【leetcode】Data Stream as Disjoint Intervals

题目链接：https://leetcode.com/problems/data-stream-as-disjoint-intervals/

Given a data stream input of non-negative integers a1, a2, ..., an, ..., summarize the numbers seen so far as a list of disjoint intervals.

For example, suppose the integers from the data stream are 1, 3, 7, 2, 6, ..., then the summary will be:

[1, 1]
[1, 1], [3, 3]
[1, 1], [3, 3], [7, 7]
[1, 3], [7, 7]
[1, 3], [6, 7]

Follow up:

What if there are lots of merges and the number of disjoint intervals are small compared to the data stream's size?

思路：

建立一棵二叉搜索树，树的节点值用interval表示，其实就是类似于“区间树”节点值是个区间，这些区间不相交。建立树之后中序遍历输出结果。

插入的过程较为麻烦，插入需要考虑一个节点的两端点，情况较多，具体见代码注释。

插入时间复杂度为O(logn)。

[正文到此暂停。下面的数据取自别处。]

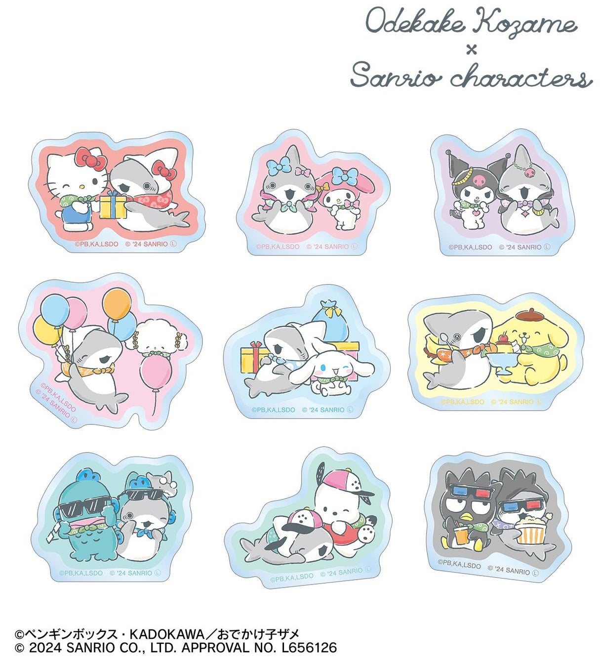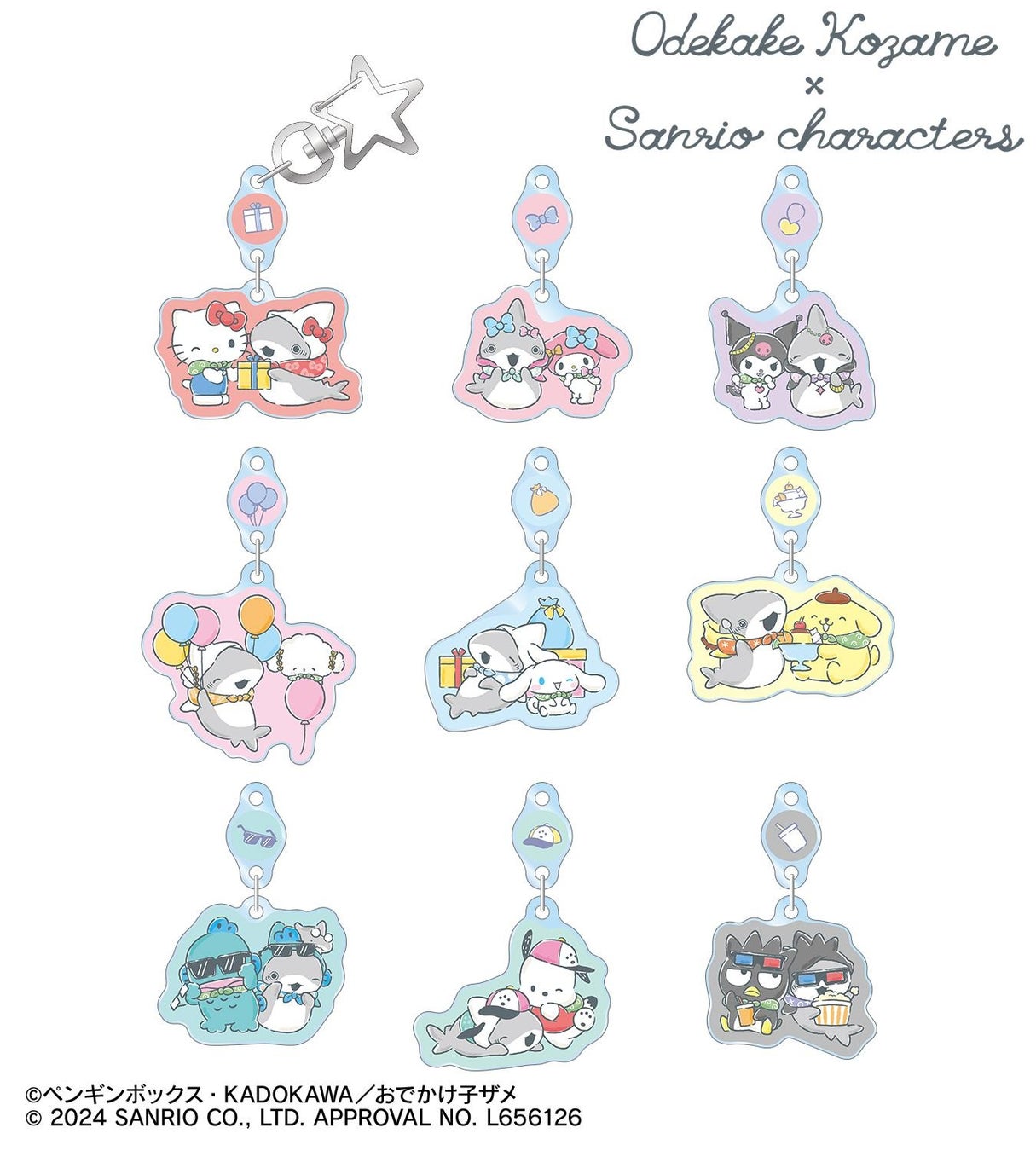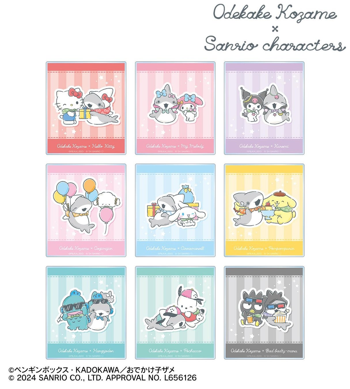 種類 :全9種(おでかけ子ザメ×ハローキティ、おでかけ子ザメ×マイメロディ、おでかけ子ザメ×クロミ、おでかけ子ザメ×こぎみゅん、おでかけ子ザメ×シナモロール、おでかけ子ザメ×ポムポムプリン、おでかけ子ザメ×ハンギョドン、おでかけ子ザメ×ポチャッコ、おでかけ子ザメ×バッドばつ丸)

如果不用二查搜索树，直接用list做也可以，时间复杂度为O(n)，leetcode也能ac。

算法：

public class SummaryRanges {
	Node root;

	/** Initialize your data structure here. */
	public SummaryRanges() {

	}

	public void addNum(int val) {
		if (root == null) {
			Interval v = new Interval(val, val);
			root = new Node(v, null, null);
		} else {
			searchAndAdjust(root, val);
		}
	}

	/**
	 * 搜索并调整树
	 */
	public void searchAndAdjust(Node node, int val) {
		// 若插入val在树左边，插入并调整
		if (node.val.start == val + 1) { // 若满足合并条件
			node.val.start = val;// 修改区间
			if (node.left != null) {// 调整左边
				if (node.left.right == null) {// 若左孩子的右孩子为空
					if (node.left.val.end + 1 == val) {// 若左孩子可以和父结点合并
						node.val.start = node.left.val.start;
						node.left = node.left.left;
					}
				} else {// 若左孩子的右孩子不为空
					Node tmp = node.left;
					Node parent = tmp;
					while (tmp.right != null) {// 一直走到node节点左孩子的最右节点
						parent = tmp;
						tmp = tmp.right;
					}
					if (tmp.val.end + 1 == val) {// 若可以和根节点合并
						node.val.start = tmp.val.start;
						parent.right = tmp.left;
					}
				}
			}
			return;
		}
		if (node.val.start > val + 1) {
			if (node.left == null) {// 无法合并区间时 新建节点
				Interval v = new Interval(val, val);
				Node newNode = new Node(v, null, null);
				node.left = newNode;
				return;
			} else {// 进入下一层搜索
				searchAndAdjust(node.left, val);
			}
		}
		// ======end
		// 若插入val在树右边，插入并调整，同上
		if (node.val.end == val - 1) {
			node.val.end = val;
			if (node.right != null) {
				if (node.right.left == null) {
					if (node.right.val.start - 1 == val) {
						node.val.end = node.right.val.end;
						node.right = node.right.right;
					}
				} else {
					Node tmp = node.right;
					Node parent = tmp;
					while (tmp.left != null) {// 一直走到node节点左孩子的最右节点
						parent = tmp;
						tmp = tmp.left;
					}
					if (tmp.val.start - 1 == val) {// 若可以和根节点合并
						node.val.end = tmp.val.end;
						parent.left = tmp.right;
					}
				}
			}
			return;
		}
		if (node.val.end < val - 1) {
			if (node.right == null) {
				Interval v = new Interval(val, val);
				Node newNode = new Node(v, null, null);
				node.right = newNode;
				return;
			} else {
				searchAndAdjust(node.right, val);
			}
		}

	}

	public List<Interval> getIntervals() {
		List<Interval> res = new ArrayList<Interval>();
		res = inorder(root, res);
		return res;
	}

	public List<Interval> inorder(Node node, List<Interval> res) {
		if (node != null) {
			res = inorder(node.left, res);
			res.add(node.val);
			res = inorder(node.right, res);
		}
		return res;
	}

	class Node {
		Interval val;
		Node left, right;

		public Node(Interval val, Node left, Node right) {
			this.val = val;
			this.left = left;
			this.right = right;
		}
	}
}